Illustratie Eliane Gerrits
‘Jullie staan er weer mooi op”, zegt postbode Jim, die graag een praatje maakt, vooral als er iets bijzonders over Nederland te melden valt. Hij overhandigt me een krantenknipsel. Dit keer betreft het de helft van de voorpagina van The New York Times met de kop: „Amsterdam heeft een deal afgesloten voor alcoholisten. Werk wordt uitbetaald in bier.” Daaronder staat een foto van vier mannen in oranje reflecterende pakken met bierblikjes voor hen.
Hij heeft een aantal zinnen met rode pen onderstreept en begint voor te lezen: „‘Dit is mijn medicijn; ik heb het nodig om te overleven’, zegt meneer S. Zijn handen trillen terwijl hij gulzig zijn eerste biertje van die dag achterover slaat.” Jim schudt zijn hoofd in ongeloof.
Als Nederland hier in het nieuws is, is het meestal om dezelfde dubieuze redenen. Het mooist zou een dijkdoorbraak zijn waarbij tegelijkertijd een koffieshop, een bordeel en een condomerie onder water komen te staan in The red light district.
Amerikanen zijn gefascineerd door de tolerantie van Nederlanders. Over dingen die wij normaal vinden – legalisering van marihuana, prostitutie, euthanasie – wordt hier nog altijd heftig gedebatteerd. Over het algemeen vindt men ons hier sociaal verlicht, maar ik begrijp dat Jim vindt dat hier een grens wordt overschreden. Hij trekt zijn uniform recht.
„Nou”, begin ik een bij voorbaat al verloren poging, „als dit de manier is om deze mensen nuttig werk te laten verrichten, wat kan er dan mis mee zijn?”
„Alles”, zegt hij gedecideerd. „Drank is slecht, het ondermijnt de maatschappij en moet daarom zoveel mogelijk ontmoedigd worden.” Jim is een echte Amerikaan in de zin dat hij redeneert vanuit een mentaliteit van zwemmen of verzuipen. Alcoholisten zijn mensen die gefaald hebben, punt. Als ze al niet gestraft worden voor hun zonden, dan moeten ze toch in ieder geval niet beloond worden. Hij heeft me ooit verteld dat hij zichzelf heeft ontworsteld aan een jeugd die getekend werd door drank. Hij is enorm trots op zijn baan.

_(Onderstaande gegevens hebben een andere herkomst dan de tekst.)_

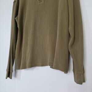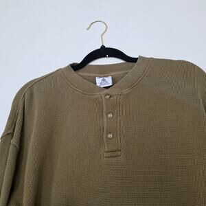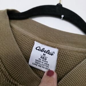 Vintage Cabelas Waffle Knit Thermal Henley Top Men M Olive Green Gorpcore Cotton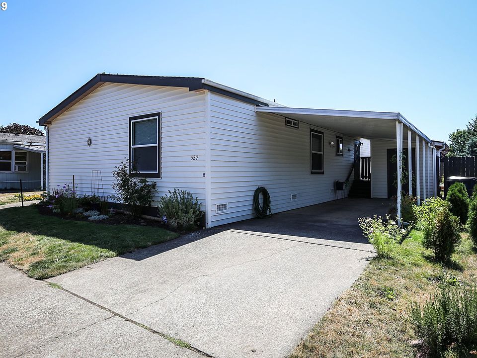 . 1992 Redmond in Lochaven subdivision - Family Park. Back yard has tall fencing. Inside remodeled a few years ago to include energy efficient vinyl windows, kitchen cabinets & vanities in both baths, tile & laminate floors, textured walls, toilets, interior doors, furnace & hot water heater. Outside replaced w/easy care vinyl siding. Most light energy efficient LED, Shed. New Roof and skylight in 2017. Space rent is $595/month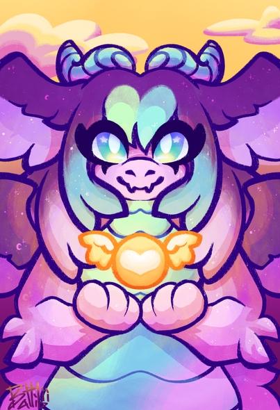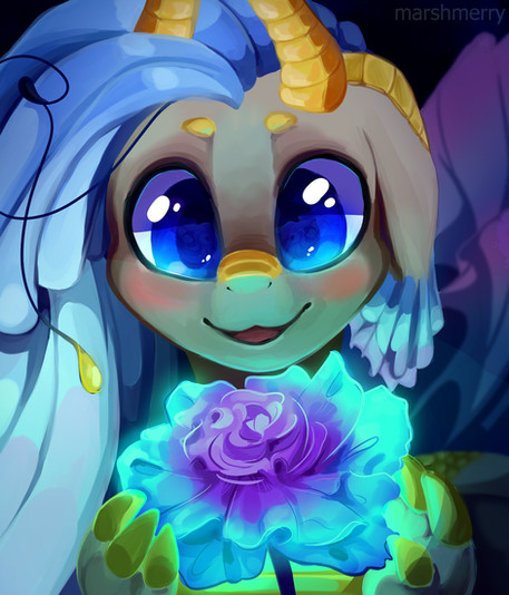 #claws #dragon #evening #horns #sfw #smile #wings #blue_hair #sifyro #blitzdrachin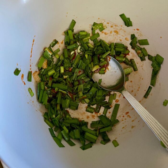 ④お好みですが、卵を乗せ、よく絡めてお召し上がりください。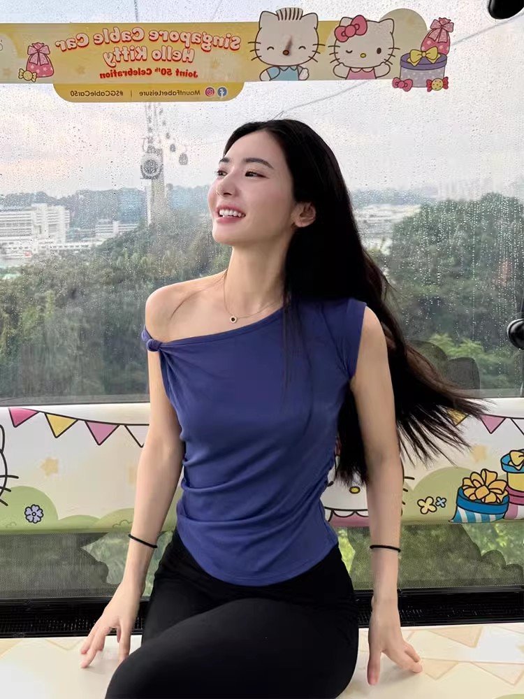 小个子一字肩无袖背心短款小上衣女春秋季绝
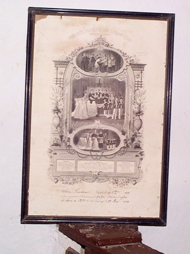 Estampe ; cadre 2 : Image de commémoration, Saint-Melaine (Maure-de-Bretagne fusionnée en Val d'Anast en 2017),

Alcohol zit hier in een schimmig hoekje van de samenleving. Zaken waar je sterke drank koopt, zitten in achteraf malls, bij de wat louchere zaken. Je wordt er geholpen door het type uitsmijter met vadsige armen vol tattoos. Waar men in Nederland vindt dat jongeren het beste van hun ouders kunnen leren genieten van een glas wijn, is drank voor hen hier faliekant verboden. Studenten voltooien hun studie zonder een slok legale alcohol gedronken te hebben. De boetes zijn zo hoog voor winkels die mensen onder de 21 drank verkopen, dat men het zekere voor het onzekere neemt: zelfs ik moet steevast mijn identiteitsbewijs laten zien. En wie toevallig een beetje wankelt in de rij voor de kassa, heeft pech. Aan dronkaards wordt niets verkocht. „Maar al dat verbieden helpt niet”, zeg ik. „Kinderen drinken toch wel, alleen doen ze het stiekem. En dan geen bier, maar sterke drank.”
„Dat kan wel zo zijn”, zegt hij, „maar om het drankgebruik te faciliteren, zoals jullie doen, dat kan gewoon niet goed zijn. Wat voor voorbeeld geef je dan? Leg dat maar eens uit.” Ik zwijg. De oceaan van verschil tussen ons is onoverbrugbaar. „Ik moet verder”, zegt hij.
Voor hij instapt, wijst hij nog een keer naar de krantenfoto. „Heb je die asbak gezien?”, vraagt hij. „Ze krijgen nog wat te roken ook.” Om er dan enigszins jaloers aan toe te voegen: „Wat voor zondigs geven jullie deze mensen nog meer? Leuke meisjes?”